As a youth, Grime learned the oboe with John Anderson, whilst her sister Frances learned violin. Grime began music studies at age 9 at the City of Edinburgh Music School, and continued at age 17 at St Mary's Music School. She played the oboe in the National Youth Orchestra of Scotland. She started to compose from age 12, where her teachers included Hafliði Hallgrímsson.

Grime continued formal studies at the Royal College of Music (RCM), where she studied composition with Julian Anderson and Edwin Roxburgh and played oboe in the RCM Sinfonietta and RCM Baroque Orchestra. She earned first-class honours and a master's degree from the RCM in 2004. Her other composition teachers included Sally Beamish and Jennifer Martin. Grime was a Legal and General Junior Fellow at the Royal College of Music from 2007 to 2009 and a 2008 Leonard Bernstein Fellow at the Tanglewood Music Center (USA).

==Career==
Grime became a lecturer in composition at the Department of Music at Royal Holloway, University of London, in January 2010.
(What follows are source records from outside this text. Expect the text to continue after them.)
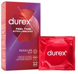 Durex Feel Thin Extra Lubricated sú zdravotnícke pomôcky určené na zabránenie počatia a ochranu pred pohlavne prenosnými chorobami. Starostlivo si prečítajte návod na použitie vnútri krabičky, najmä ak používate kondómy na análny alebo orálny sex. Kondóm je iba na jedno použitie. Žiadna antikoncepčná metóda vám nemôže poskytnúť 100 % ochranu pred otehotnením, HIV či inými pohlavne prenosnými chorobami. Uchovávajte mimo dosahu detí.
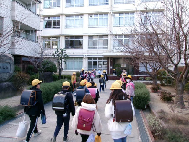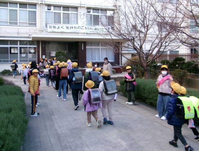 今週はあいさつ週間です。赤い羽根の共同募金の募金箱を手に、担当委員の児童たちが元気よく挨拶してくれています。
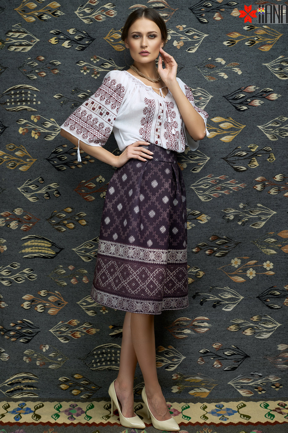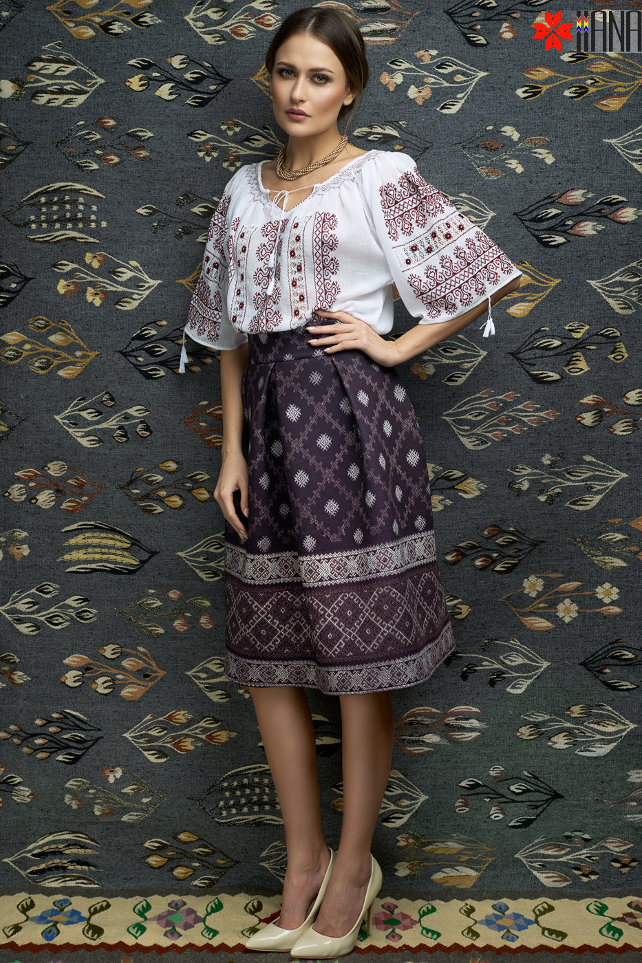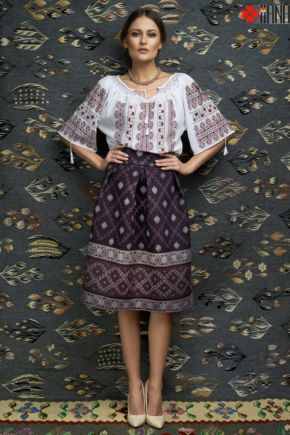 Ie traditionala romaneasca din panza topita 100% bumbac de culoare alba. Camasa femeiasca este croita drept din patru foi de panza, unite prin cusatura manuala in forma de cruce si incretite la gat. Partea din fata a camasii este brodata manual prin repetarea acelorasi elemente existente pe maneci, iar cusatura manuala este realizata prin numararea firelor tesaturii. Motivele broderiei sunt inspirate din natura, motive geometrice complex. Desi ia are o croiala dreapta, prin plasarea elementelor decorative in campuri bine delimitate, acestea subliniaza liniile corpului conferind camasii femeiesti un caracter sculptural. Prin croiala si prin broderia armonioasa camasa femeiasca , se impune ca o realizare eminenta a geniului creator popular din tara noastra.
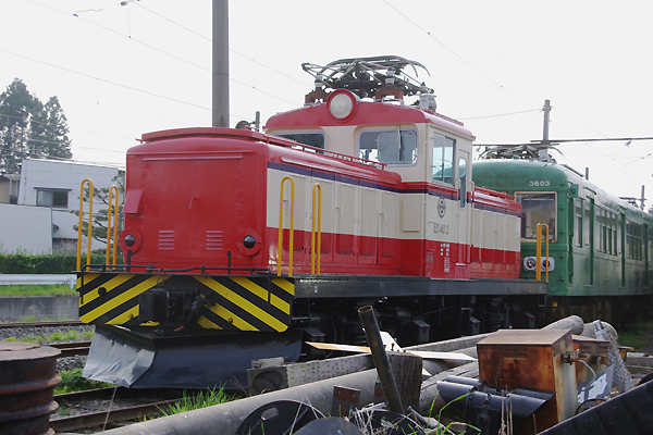 同じく上州お宝ヴィンテージ機関車、昭和越えた大正時代の輸入機独ジーメンス制の 上信電鉄のデキ1型の3号機(上4)1号機でございます。数年前まで工臨やイベントで 時折稼働しておりましたが、ここんとこ動きが無いなのです。車籍はあるけど、チョット 行く末不安なデキ1・3でございます。 上信電鉄 下仁田 2006-3
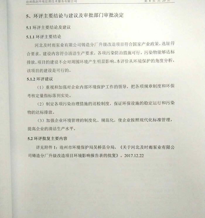 環(huán)評公示-河北及時雨泵業(yè)有限公司
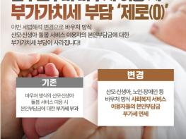 ■ 저출생 시대, 산후도우미 바우처 이용 시 부가가치세 부담 '제로(0)'이번 세법해석 변경으로 바우처 방식 산모·신생아 돌봄 서비스 이용자의 본인부담금에 대한 부가가치세 부담이 사라집니다!(기존)바우
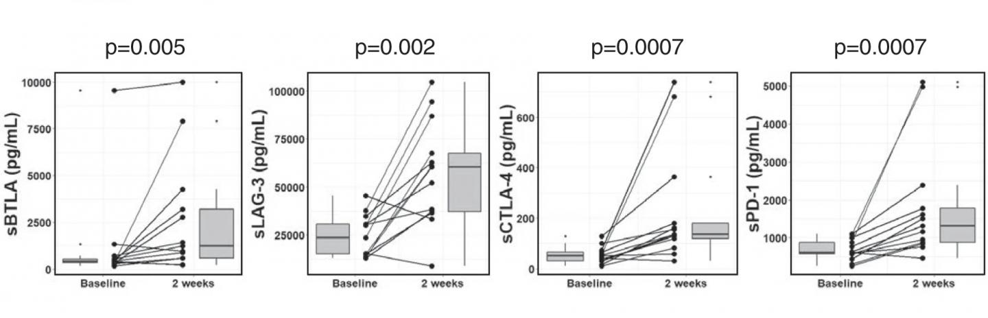 This study profiled the baseline levels of 16 soluble checkpoint proteins and their changes following sorafenib treatment for HCC. Plasma samples were obtained from 53 patients with advanced HCC at baseline, week 1, 2 and 4 of sorafenib treatment, and tested for the concentrations of soluble checkpoint proteins using multiplexed fluorescent bead-based immunoassays. Multivariate analysis showed high soluble B- and T-lymphocyte attenuator (sBTLA) levels at baseline were an independent predictor of poor overall survival (Fig. 1). BTLA (indicated by arrows) was highly expressed in T cells and macrophages in peritumoral areas (Fig. 2). At week 2, the concentrations of most inhibitory proteins, including sBTLA, sLAG3, sCTLA-4, and sPD-1, had significantly increased (Fig. 3). The fold-changes of soluble checkpoint receptors and their ligands, including sCTLA-4 with sCD80/sCD86, sPD-1 with sPD-L1; and the fold-changes of sCTLA-4 with sBTLA or sPD-1, were positively correlated (data not shown).

Grime's compositions include an oboe concerto, for which she herself was the soloist in its world premiere, written on commission from the Meadows Chamber Orchestra (Edinburgh), and for which she won a "Making Music" prize in the British Composer Awards. Other works have included Virga (2007), commissioned by the London Symphony Orchestra and later performed at The Proms in August 2009. A Cold Spring (2009) was commissioned by Birmingham Contemporary Music Group and premiered 20 June at Aldeburgh Festival, conducted by Oliver Knussen. The BBC commissioned her work Everyone Sang for the 75th anniversary of the BBC Scottish Symphony Orchestra in 2010. In 2010, she was signed to Chester Music for publication of her music. In February 2011, she was named the next associate composer of The Hallé Orchestra, starting in autumn 2011, for a contracted period of three years.

In November 2025 Grimes won an Ivor Novello Award for her piece Folk for soprano and orchestra.

==Personal life ==

Grime is married to the composer and pianist Huw Watkins, who has performed her works in concert.

She was appointed Member of the Order of the British Empire (MBE) in the 2020 New Year Honours for services to music.

==Selected compositions==
- Stage
- Doorstepping Susanna, chamber opera for soprano, counter-tenor, bass, bass clarinet, double bass and percussion (2002)

- Orchestral
- Virga (2007)
- Everyone Sang (2010)
- Night Songs (2012)
- Near Midnight (2012)
- Two Eardley Pictures (1. "Catterline in Winter," 2. "Snow") (2016)
- Woven Space (2017)
- Meditations on Joy (2019)

- Concertante
- Oboe Concerto (2003)
- Clarinet Concerto (2009)
- Violin Concerto (2016)
- Piano Concerto (2017)
- Percussion Concerto (2019)
- Trumpet Concerto, night-sky-blue (2022)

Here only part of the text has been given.